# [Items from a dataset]
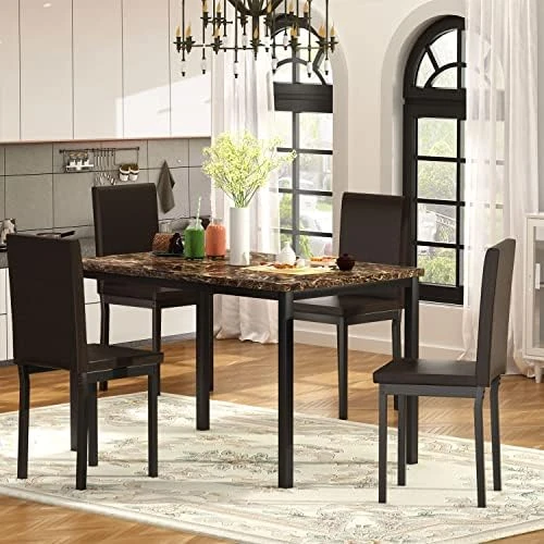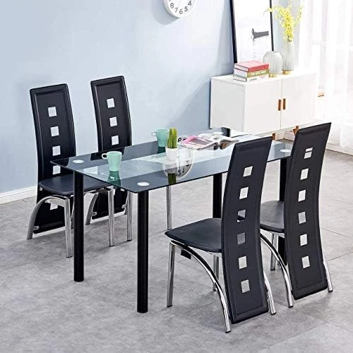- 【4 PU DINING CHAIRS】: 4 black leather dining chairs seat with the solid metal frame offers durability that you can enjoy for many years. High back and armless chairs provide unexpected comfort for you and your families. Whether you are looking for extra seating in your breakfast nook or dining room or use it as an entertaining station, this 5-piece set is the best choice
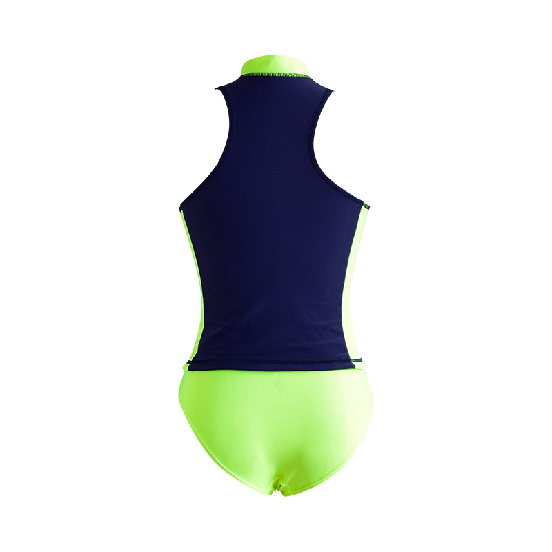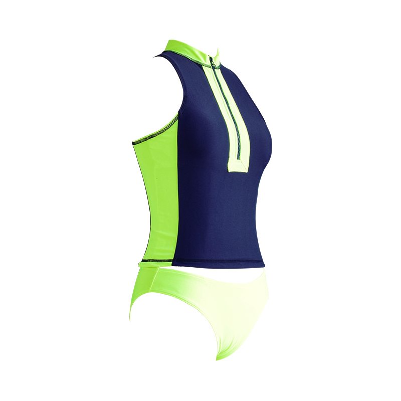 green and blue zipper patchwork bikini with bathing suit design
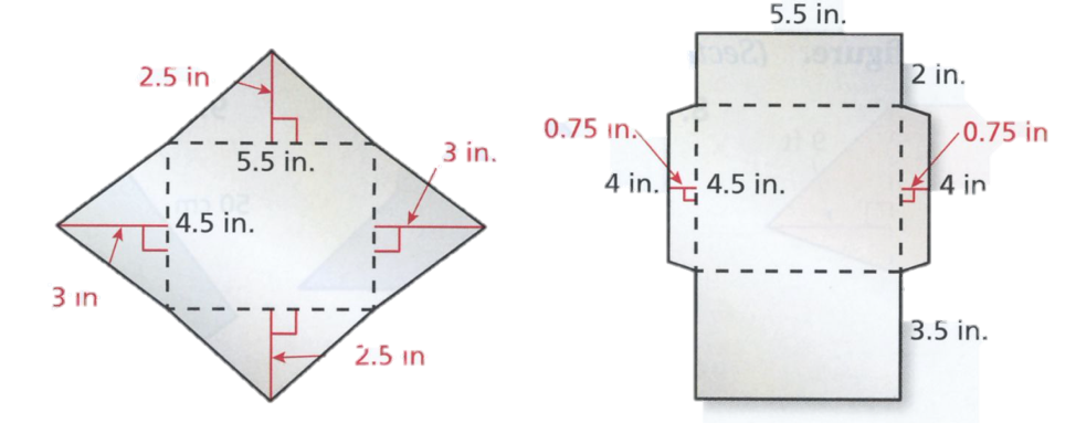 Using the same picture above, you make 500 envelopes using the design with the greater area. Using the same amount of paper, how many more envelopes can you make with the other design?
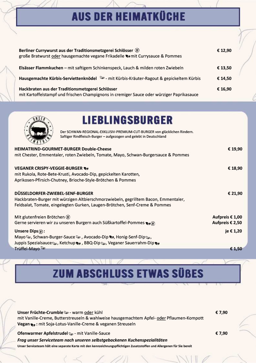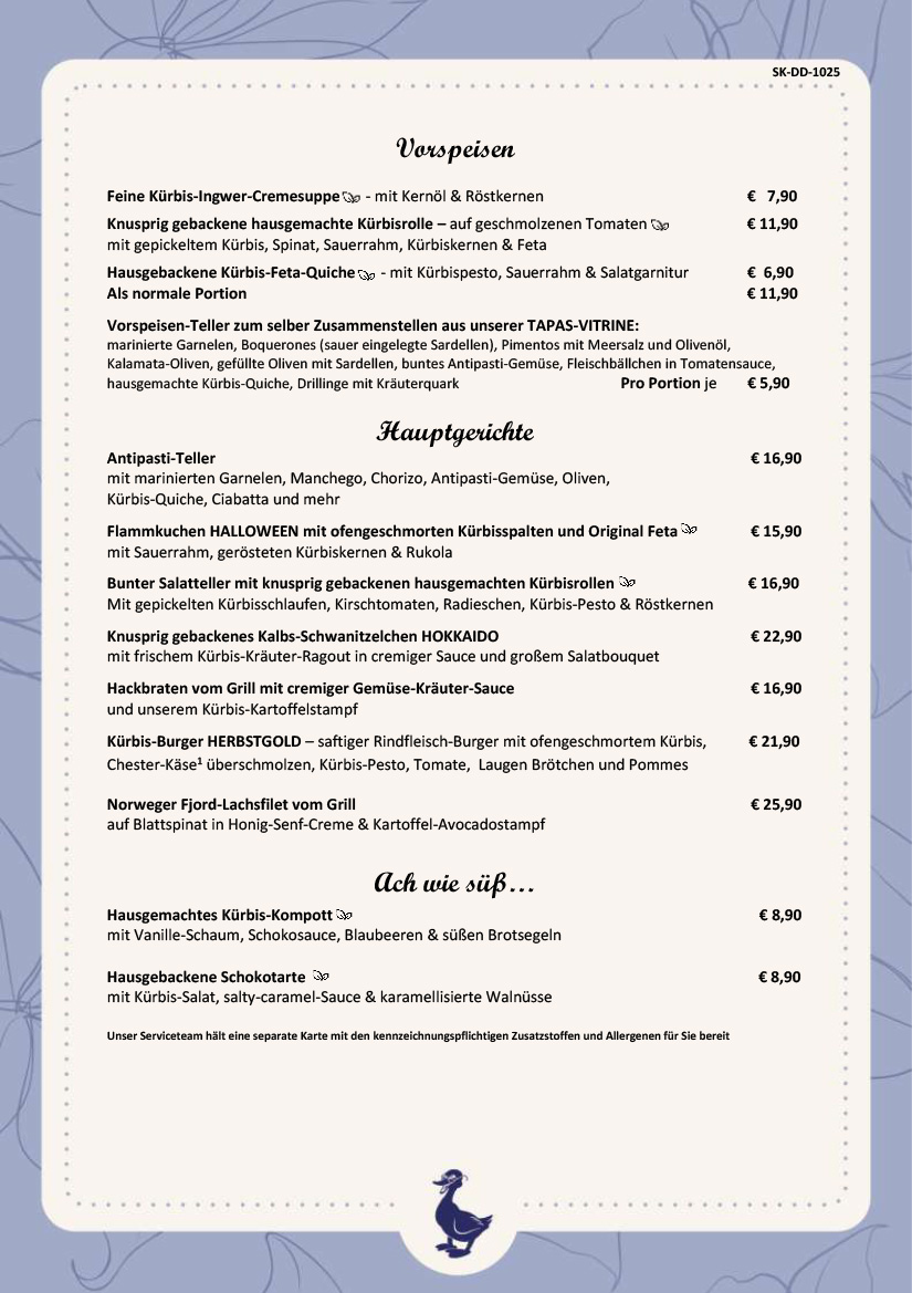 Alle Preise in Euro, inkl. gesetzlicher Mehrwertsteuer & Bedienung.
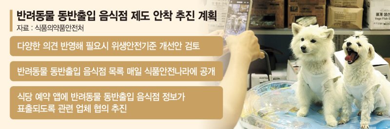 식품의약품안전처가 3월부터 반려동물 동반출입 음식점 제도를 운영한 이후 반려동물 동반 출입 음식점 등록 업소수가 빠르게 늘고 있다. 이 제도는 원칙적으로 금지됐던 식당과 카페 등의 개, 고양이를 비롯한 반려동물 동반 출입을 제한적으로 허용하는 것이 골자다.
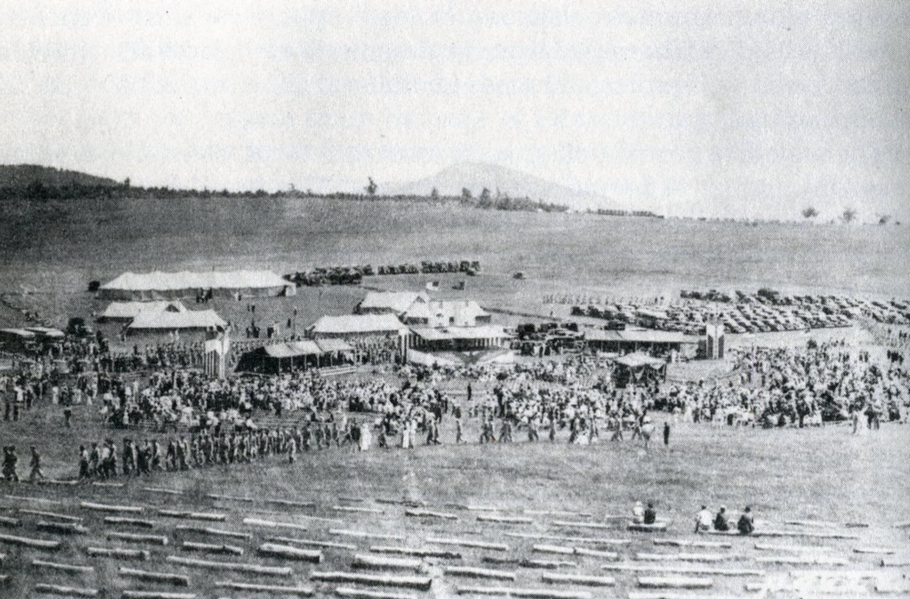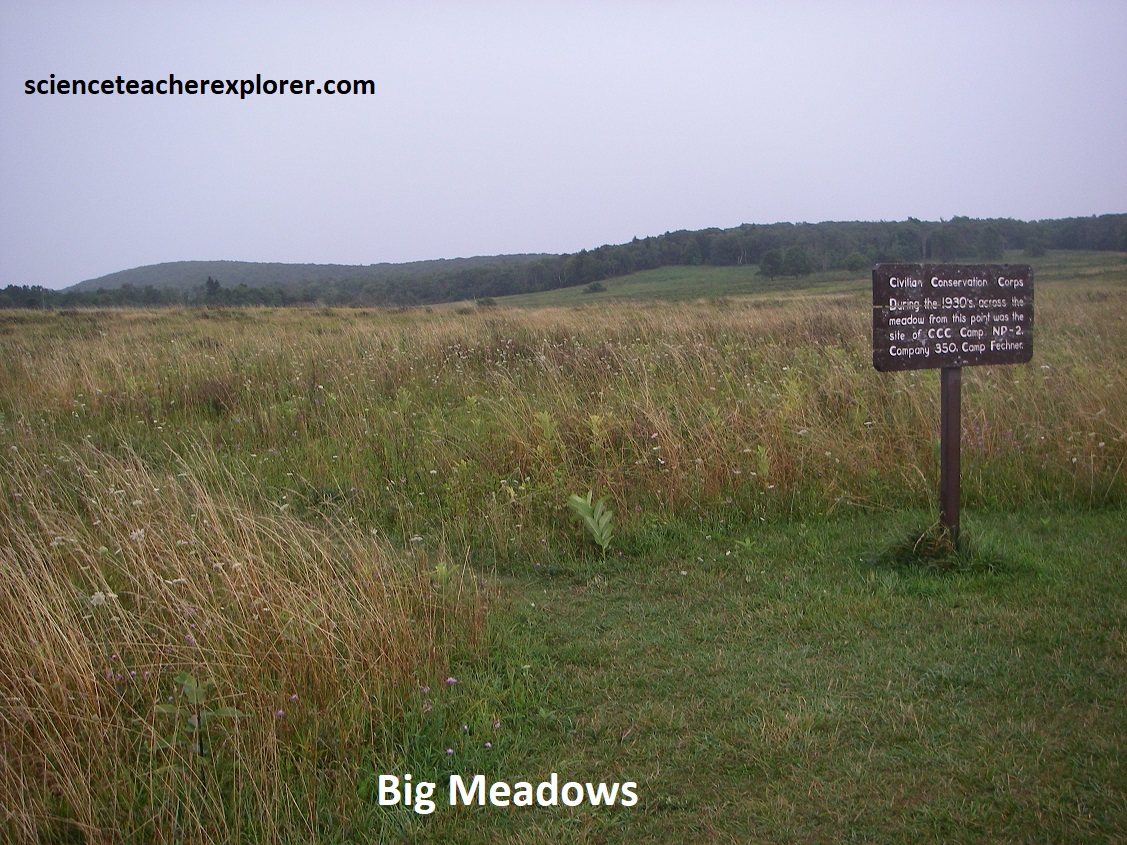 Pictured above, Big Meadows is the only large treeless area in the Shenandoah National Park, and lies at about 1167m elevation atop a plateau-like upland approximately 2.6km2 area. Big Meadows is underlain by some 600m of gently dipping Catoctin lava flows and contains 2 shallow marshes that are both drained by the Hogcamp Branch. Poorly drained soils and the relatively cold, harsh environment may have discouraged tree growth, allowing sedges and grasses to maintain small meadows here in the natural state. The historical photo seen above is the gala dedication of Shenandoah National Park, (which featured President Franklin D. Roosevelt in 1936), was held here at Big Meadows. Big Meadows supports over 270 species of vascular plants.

# [TASK DIRECTIONS]
The lines to copy begin with the one containing "Alle Preise in" and end with the last line of the entries above; copy them exactly, minus the pictures.

# [ANSWER TO THE PROBLEM]
 Alle Preise in Euro, inkl. gesetzlicher Mehrwertsteuer & Bedienung.
 식품의약품안전처가 3월부터 반려동물 동반출입 음식점 제도를 운영한 이후 반려동물 동반 출입 음식점 등록 업소수가 빠르게 늘고 있다. 이 제도는 원칙적으로 금지됐던 식당과 카페 등의 개, 고양이를 비롯한 반려동물 동반 출입을 제한적으로 허용하는 것이 골자다.
 Pictured above, Big Meadows is the only large treeless area in the Shenandoah National Park, and lies at about 1167m elevation atop a plateau-like upland approximately 2.6km2 area. Big Meadows is underlain by some 600m of gently dipping Catoctin lava flows and contains 2 shallow marshes that are both drained by the Hogcamp Branch. Poorly drained soils and the relatively cold, harsh environment may have discouraged tree growth, allowing sedges and grasses to maintain small meadows here in the natural state. The historical photo seen above is the gala dedication of Shenandoah National Park, (which featured President Franklin D. Roosevelt in 1936), was held here at Big Meadows. Big Meadows supports over 270 species of vascular plants.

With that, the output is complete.